What Is Known
- Fecal calprotectin is a well-integrated objective marker of inflammation that is useful in monitoring inflammatory bowel disease.
- Fecal calprotectin analyses are limited by day-to-day variation and by the consistency of the feces.
- Many adolescents find the stool-collecting uncomfortable leading to reduced compliance and hence suboptimal monitoring.
- In a few studies on adults, serum calprotectin has been shown to correlate with clinical disease activity.
What Is New
- The level of serum calprotectin correlates with the severity of inflammation assessed by endoscopy in adolescents with ulcerative colitis.
- This study supports serum calprotectin as a potential biomarker for disease monitoring of adolescent patients.
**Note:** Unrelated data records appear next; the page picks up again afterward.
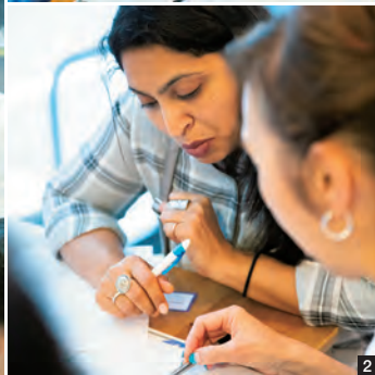
1・2・3) 2019年5月31日「Global Community Cafe」のオープニングイベントが開催。地元の外国人や地域住民、日本人ボランティアなど大勢が集まり賑わいをみせた。簡単な自己紹介から始まり、テーブルを同じくした者どうしが談笑。外国語が苦手でもスタッフがサポートしてくれるので、言葉の壁を心配する必要はない
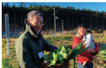
交流人口拡大に向けた都市農村交流活動
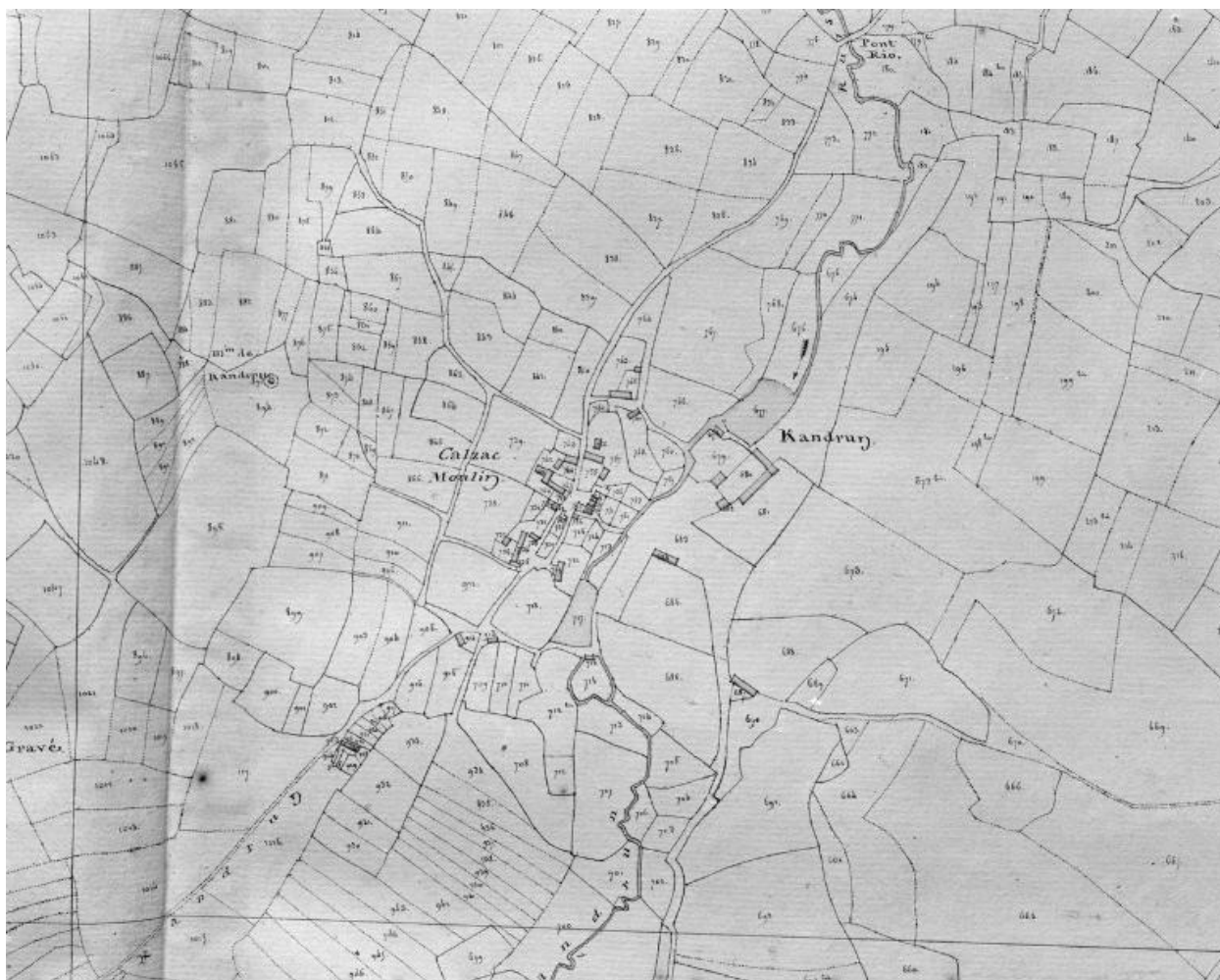
Extrait cadastral 1810, section D
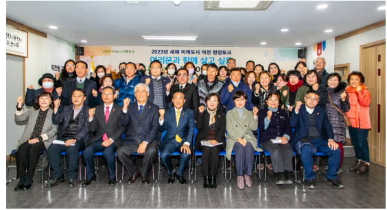
농소2동 새해 현장토크(23.01.03)
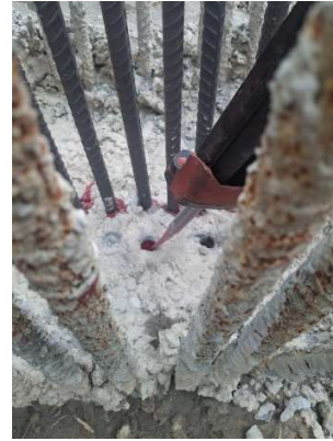
Gambar 7. Injeksi resin

Resin diinjeksikan ke dalam lubang yang sudah dibersihkan, penyuntikan resin dimulai dari ujung terdalam lubang dengan ditarik perlahan ke arah luar lubang menggunakan nozzle extension panjang 112,5 mm. Prosedur injeksi mengisi lubang dari bawah ke atas untuk menghindari rongga udara yang dapat mengurangi daya ikat.
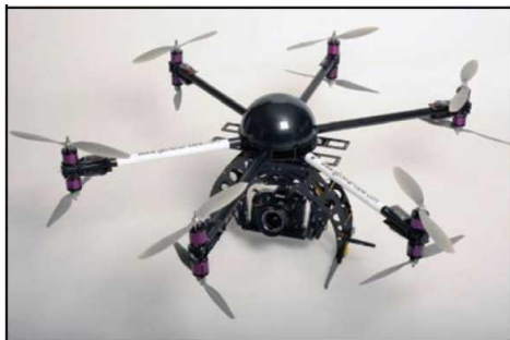
Рис. № 5 – многомоторный БПЛА.

распространение, – многороторные системы. Их еще называют мультикоптерами, квадрокоптерами, гексакоптерами, октакоптерами и тому подобное, в зависимости от количества несущих винтов. Характерная особенность – многомоторная система, принцип полета – подобен вертолетному (рис. № 5).
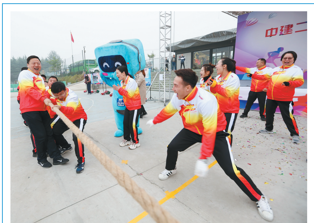
11月9日,中建二局二公司第六届“快乐工作、快乐生活”的理念,进一步促使他们热爱生活,努力工作。 130余名职工参加了此次运动会,践行

2019年1-9月,西安中高端人才平均月薪为13456元。分行业来看,西安房地产行业中高端人才平均月薪最高,为14362元,依次还有电子通信、金融、制药医疗行业,平均月薪超过13000元。
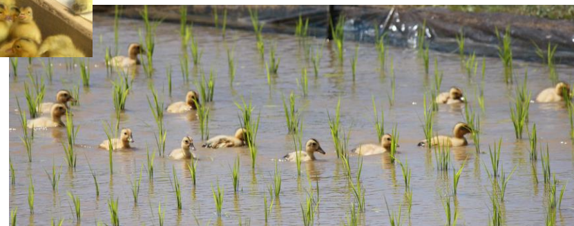
アイガモのピーちゃんも、害虫をやっつけ、元気に泳いで草の芽を浮かし、活躍してくれています。

6月のオマケは、ばあばの漬床（糶床）です。きゅうりや大根、カブ等の野菜に塗り、ビニール袋や密閉容器に入れて一晩おくだけで、本格的な浅漬けが出来ますので、是非お試し下さい。それでは、今後とも宜しくお願いいたします！
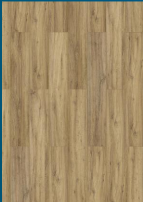
52344 dąb Natural

1286mm x 192mm x 8mm opakowanie: 1,974m 2 / paleta: 94,752m 2
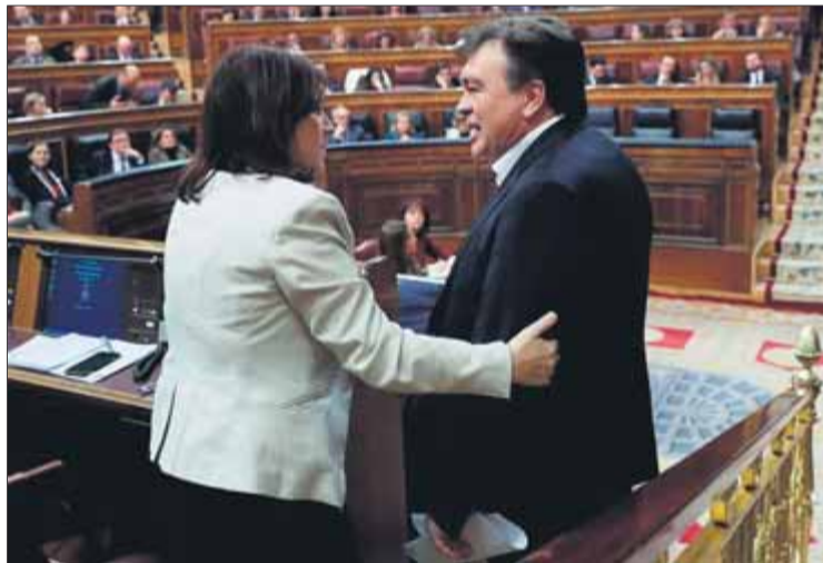
Pablo Casado a la bancada del PP. A baix, Joan Baldoví recomanant til·la, i Adriana Lastra i Tomás Guitarte

Com si sospités que Espanya és un ordinador que viu penjat a la pàgina judicial, Sánchez va pujar a la tribuna disposat a prémer alhora les tres tecles de Ctrl+Alt+Supr i fer un reset de la vida política espanyola. A més d’oferir-se com a president de tots i presentar ja sense insomnis el vicepresident Pablo Iglesias, Sánchez va viure un fervor inèdit: l’aplaudien els d’Unides Podem que anhelaven ser ministres amb virulència equiparable a aquella amb què era aplaudit pels actuals ministres socialistes que aspiren a repetir fins al punt d’encreuar els dits per no rebre una trucada el dia de Reis amb carbó en forma de “gràcies pels serveis prestats” acompanyat de l’entrega de la cartera ministerial. “Sí que es pot! En-
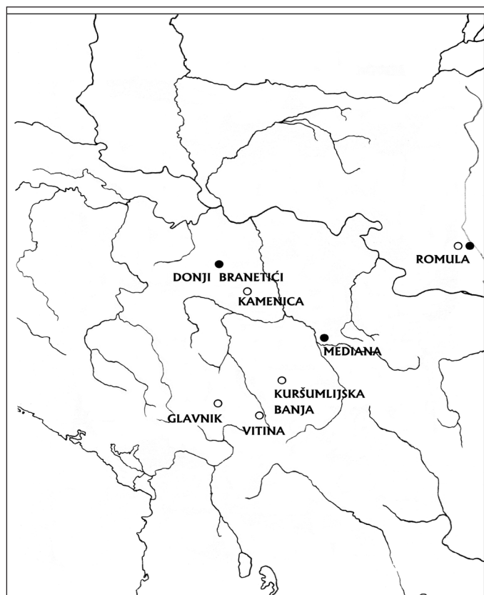
Сл. 5. Налази споменика посвећених божанству Дарданије:

● фигуралне представе; ○ епиграфски споменици
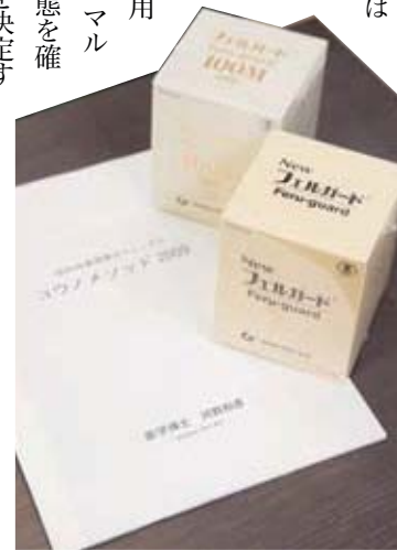
米ぬか由来のサプリメント「フェルガード」を併用した、独自の認知症薬物療法「コウノメソッド」で治療

また、同院は「安らぎ・信頼・希望」をモットーに、介護に疲れた患者・家族を癒しのアメニティーで迎え、河野院長が自信に満ちた笑顔で迎える。診療以外にも、全国各地で
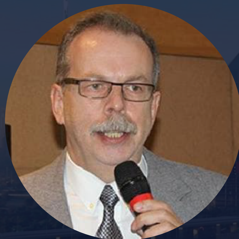
ANDRÉ DE PAULI
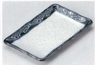
159-18-4A3 970円 2141160007 一珍7.0長角皿 (20.2×12.5×2H)
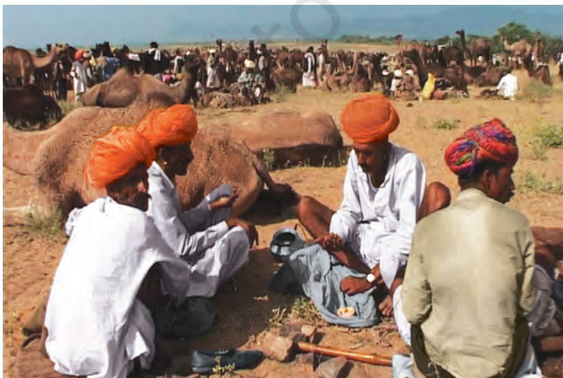
चित्र 8 - पुष्कर का ऊँट मेला.

आइए, अब देखें कि औपनिवेशिक शासन के दौरान यानी अंग्रेज़ों के ज़माने में चरवाहों का जीवन किस तरह बदला?
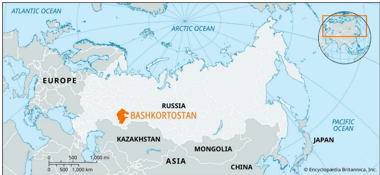
Encyclopædia Britannica Online. „Bashkortostan | Russia, Map, History, & Facts | Britannica“. https://www.britannica.com/place/Bashkortostan . (abgerufen am 20.07.2025)
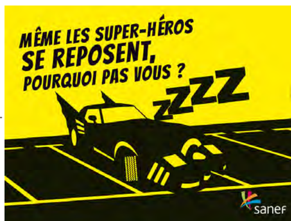
Campagne de sensibilisation au printemps 2012

Patients diagnosed with inflammatory bowel disease (IBD) during childhood often present extensive disease and a severe disease course that requires intensive treatment (1–5). Accordingly, tight monitoring of the disease activity and high treatment adherence are needed. The golden standard to assess disease activity is a colonoscopy including biopsies, which provides a macroscopic and microscopic description of the mucosa. However, endoscopic procedures are unpleasant for patients, time consuming, expensive, and require general anesthesia in children and adolescents. Therefore, noninvasive surrogate biomarkers are needed as indicators of the present mucosal inflammation. Calprotectin is a member of the protein S100 family and is mainly found in the cytosol of neutrophils. Levels of fecal calprotectin (FC) have been shown to correlate with endoscopically assessed inflammation in patients being evaluated for possible IBD (6–12) and can be measured noninvasively in stools and analyzed at low costs. Furthermore, FC has been shown to be a useful predictor for clinical relapse in adolescents with IBD (13). However, FC exhibits significant within-day and day-to-day variation (14,15). Furthermore, certain features of collecting and managing the fecal sample before arrival at the laboratory can influence FC levels and may, therefore, limit its use in clinical practice. In the outpatient clinic, stool samples are usually collected by the patient and sent by mail to the laboratory. The analysis of FC is dependent on which part of the stool the patient has chosen for collection (ie, with or without blood), and furthermore, the analysis of the concentration of FC depends on the consistency of the feces (16). In recent studies, FC has been shown to be stable for up to 3 days at room temperature. When the samples were stored for up to 7 days, a decrease in the concentration was registered (14). Hence, delays by mail or/and extreme weather temperatures can reduce the precision of the test result.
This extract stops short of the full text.